■ WHAT YOU HAVE TO DO ■
From the first line of the listing below to the line containing "PEÑARANDA | Pasajeros", write out everything exactly. No pictures.

■ DATASET SECTION ■

■ ■ ■ ■ ■

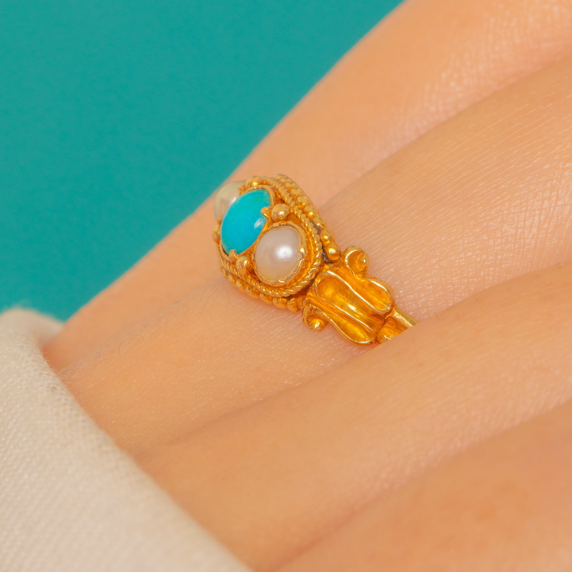 EXCELLENT: The Turquoise and Pearls are secure and display only the most minimal surface wear visible under close inspection. The Gold setting and shank are in excellent order with light age-related marks and a lovely patina; subtle solder/tool marks are visible near the head. Overall the ring has been well cared for, with wear commensurate with age and no notable damage.
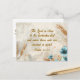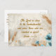 Postcard with inspirational quote scripture depicts a beautiful artistic design with blades of golden wheat and blue flowers on a light grey abstract background. It features an encouraging Bible Verse from Psalm 34:18, "The Lord is close to the brokenhearted and saves those who are crushed in spirit." The greeting, prayer can be personalized or deleted for a hand written message.
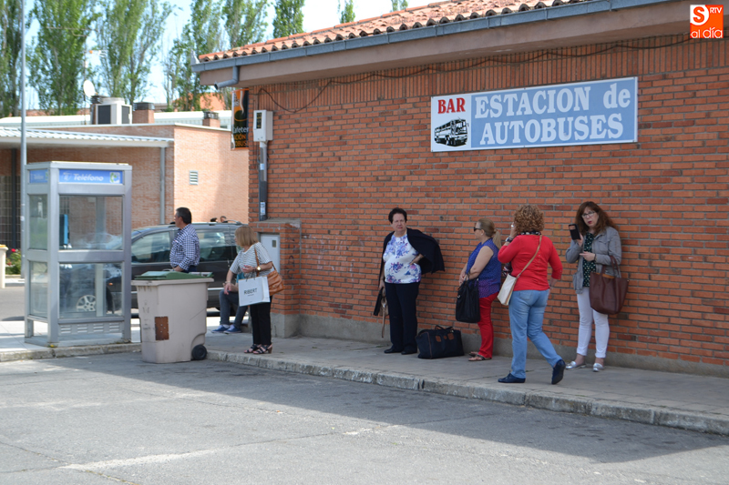 PEÑARANDA | Pasajeros y autobuses estrenaban igualmente su nueva ubicación de parada temporal, situada junto al Merca Rural
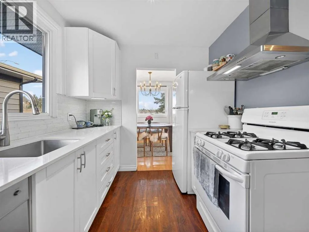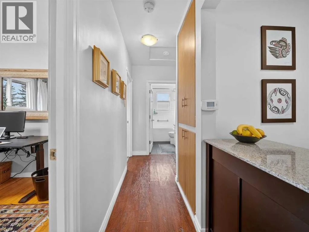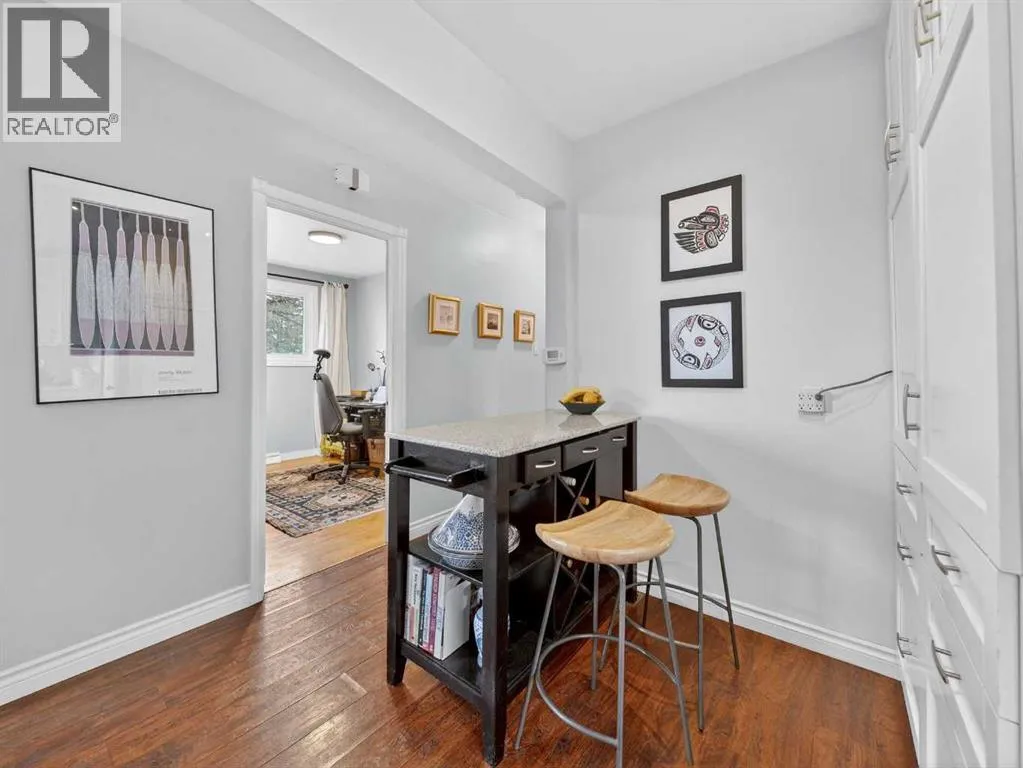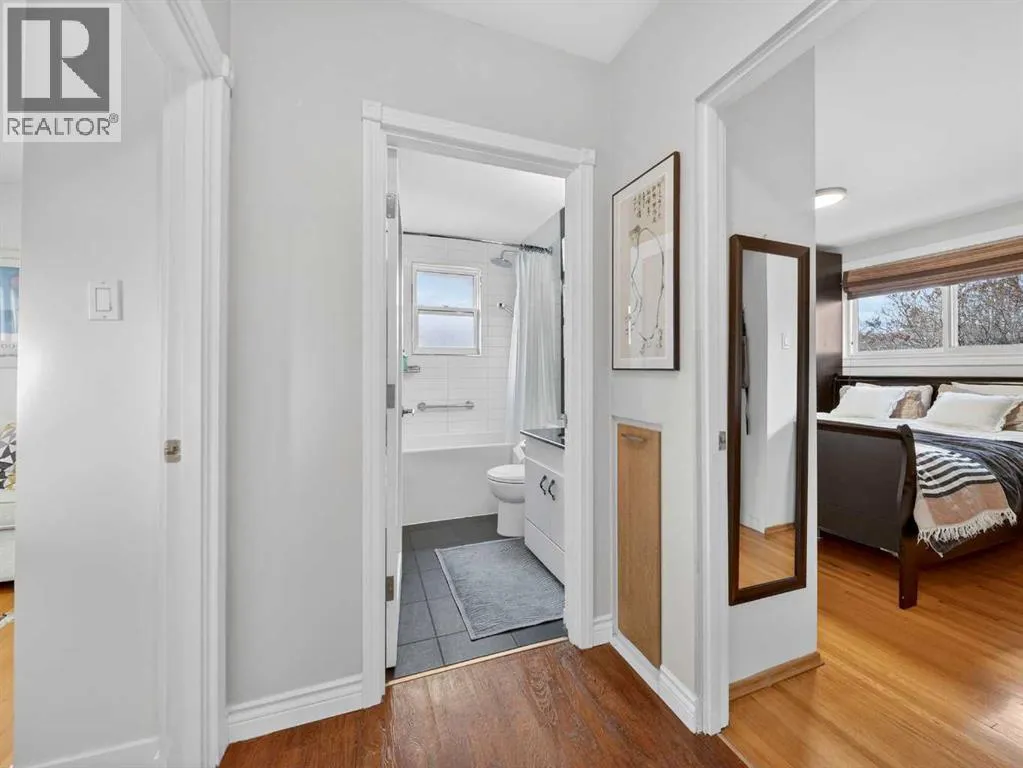 Renovated bungalow perfectly positioned on a sunny corner lot with alley access and picturesque park views. This home blends timeless charm with modern updates, offering versatility for families, investors, or those seeking additional income potential.The main floor features rich hardwood flooring, two spacious bedrooms plus a dedicated office, and a stylish 4-piece bathroom. The renovated kitchen is both functional and elegant, complete with quartz countertops, a gas stove, and ample cabinetry â ideal for everyday living and entertaining. A cozy wood-burning fireplace anchors the living space, adding warmth and character.Step outside to enjoy the brand-new front porch overlooking the park â the perfect spot for morning coffee. The property also includes a detached single-car garage with convenient alley access.Downstairs, the fully LEGAL basement suite offers a separate entrance, providing excellent rental potential or private space for extended family.An exceptional opportunity in a sought-after NW location. (id:27476)

■ ■ ■ ■ ■

■ EXERCISE ANSWER ■
 EXCELLENT: The Turquoise and Pearls are secure and display only the most minimal surface wear visible under close inspection. The Gold setting and shank are in excellent order with light age-related marks and a lovely patina; subtle solder/tool marks are visible near the head. Overall the ring has been well cared for, with wear commensurate with age and no notable damage.
 Postcard with inspirational quote scripture depicts a beautiful artistic design with blades of golden wheat and blue flowers on a light grey abstract background. It features an encouraging Bible Verse from Psalm 34:18, "The Lord is close to the brokenhearted and saves those who are crushed in spirit." The greeting, prayer can be personalized or deleted for a hand written message.
 PEÑARANDA | Pasajeros y autobuses estrenaban igualmente su nueva ubicación de parada temporal, situada junto al Merca Rural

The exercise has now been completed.